For input, GraphCast only needs two sets of data: the weather state from 6 hours ago and the current weather state. The model then predicts the weather for 6 hours in the future. This process can then continue at 6-hour intervals to provide cutting-edge forecasts up to 10 days in advance.
Better warnings about extreme weather events
Our analyzes showed that GraphCast can also identify severe weather events earlier than classic forecast models, even though it has not been trained to look for them. This is a great example of how GraphCast can assist prepare to save lives and reduce the impact of storms and extreme weather on communities.
By applying a uncomplicated cyclone tracker directly to GraphCast forecasts, we were able to predict cyclone movement more accurately than the HRES model. In September, a live version of our publicly available GraphCast model, deployed on the ECMWF website, accurately predicted nine days in advance that Hurricane Lee would make landfall in Nova Scotia. In contrast, classic forecasts had greater variability in the location and time of landfall and only covered Nova Scotia six days in advance.
GraphCast can also characterize atmospheric rivers – narrow regions of the atmosphere that carry most of the water vapor out of the tropics. The intensity of an atmospheric river can indicate whether it will produce beneficial rain or flooding. GraphCast forecasts can assist characterize atmospheric rivers, which can aid in emergency response planning AI models for flood forecasting.
Finally, predicting extreme temperatures is increasingly critical in a warming world.
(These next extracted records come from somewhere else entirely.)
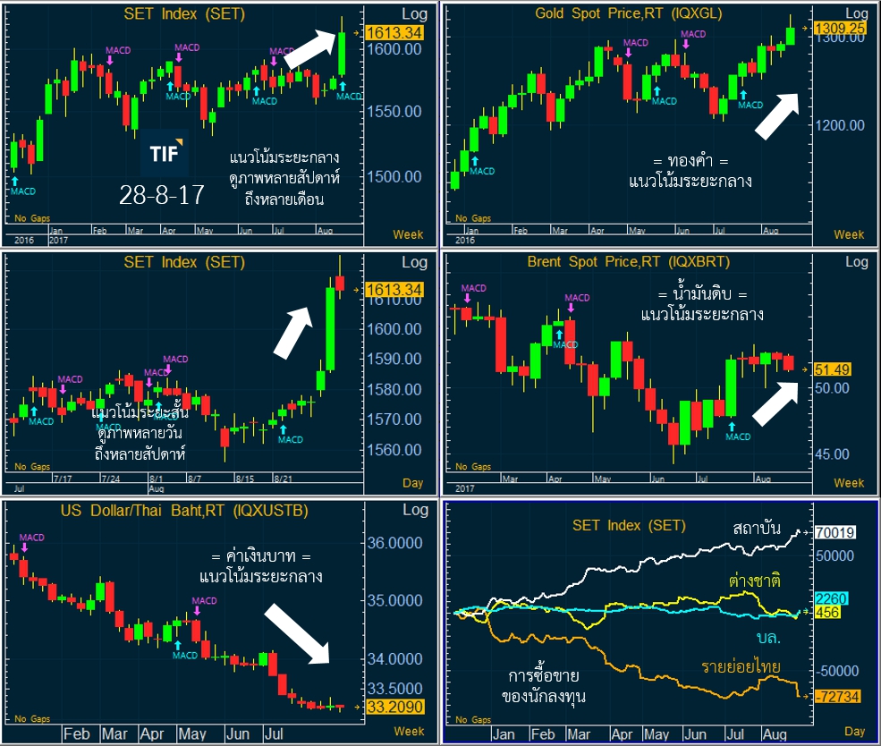 - แนวโน้ม SET Index — ปิดทรงตัว หลังจากที่บวกแรงเมื่อวาน แนวโน้มระยะสั้น (กราฟ Day) ยังเป็นขาขึ้นได้อยู่ และทำให้แนวโน้มระยะกลาง (กราฟ Week) เป็นขาขึ้นอย่างไม่เป็นทางการด้วยเช่นกัน (ขาลง/ขาขึ้น ให้ดูที่ทิศทางลูกศร MACD ในกราฟของรูปด้านบนสุด)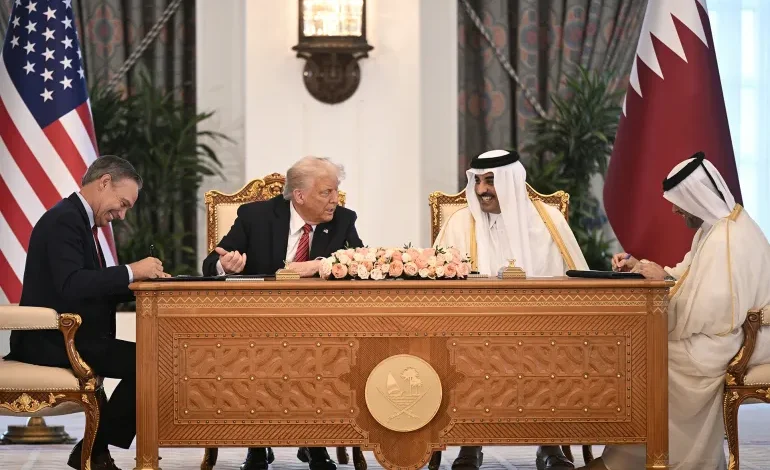 وقعت قطر والولايات المتحدة، الأربعاء، اتفاقية لشراء 160 طائرة بوينغ بأكثر من 200 مليار دولار، بحضور الأمير تميم بن حمد آل ثاني والرئيس دونالد ترامب. جاء ذلك خلال مراسم توقيع عدة اتفاقيات ومذكرات تفاهم بين البلدين عقب مباحثات بين الأمير تميم والرئيس ترامب. وبعد التوقيع في الديوان الأميري القطري بالدوحة، قال ترامب:…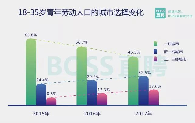 盡管二線城市人才數量快速上升,但在人才質量方面,二線城市還和一線城市有明顯差距。 BOSS直聘數據顯示,2018年旺季,從事互聯網、金融、專業服務等高薪行業且學歷為碩士以上的人才,超過八成仍然選擇在 一線城市打拼。 僅46.5%的18-35歲青年勞動者首選一線城市 BOSS直聘研究院數據顯示,近三年來,工作首選城市為北上廣深的18-35歲青年勞動者比例迅速下降,從 2015年的65.8%下降至2017年末的46.5%。選擇新一線城市的青年勞動者比例直線上升,選擇二三線城市的年輕 人比例也較2015年翻倍。

GraphCast can characterize when temperatures rise above historic highs anywhere on Earth. This is particularly useful in predicting heat waves and the nuisance and unsafe events that are becoming more common.
Predicting Major Events – Comparing GraphCast and HRES.
Left: Cyclone tracking performance. As the time to predict cyclone movements increases, GraphCast maintains greater accuracy than HRES.
Right: Atmospheric river forecasts. GraphCast prediction errors are significantly lower than HRES errors for all 10-day forecasts
The future of artificial intelligence for weather
GraphCast is currently the world’s most exact 10-day global weather forecast system, capable of predicting extreme weather events further into the future than previously possible. As weather patterns evolve in a changing climate, GraphCast will evolve and improve as higher quality data becomes available.
To make AI-based weather forecasting more accessible, we have introduced open source code of our model. ECMWF is here experimenting with GraphCast’s 10-day forecasts We’re excited about the possibilities it opens up for researchers – from adapting the model to specific weather phenomena to optimizing it for different parts of the world.
GraphCast combines other cutting-edge weather prediction systems from Google DeepMind and Google Research, including the regional Nowcasting model that generates forecasts up to 90 minutes in advance, and MetNet-3a regional weather forecasting model that already operates in the US and Europe and produces more exact 24-hour forecasts than any other system.
The pioneering apply of artificial intelligence in weather forecasting will benefit billions of people in their everyday lives. But our broader research isn’t just about predicting the weather – it’s about understanding the broader patterns of our climate. We hope that by developing fresh tools and accelerating research, artificial intelligence can empower the global community to address its greatest environmental challenges.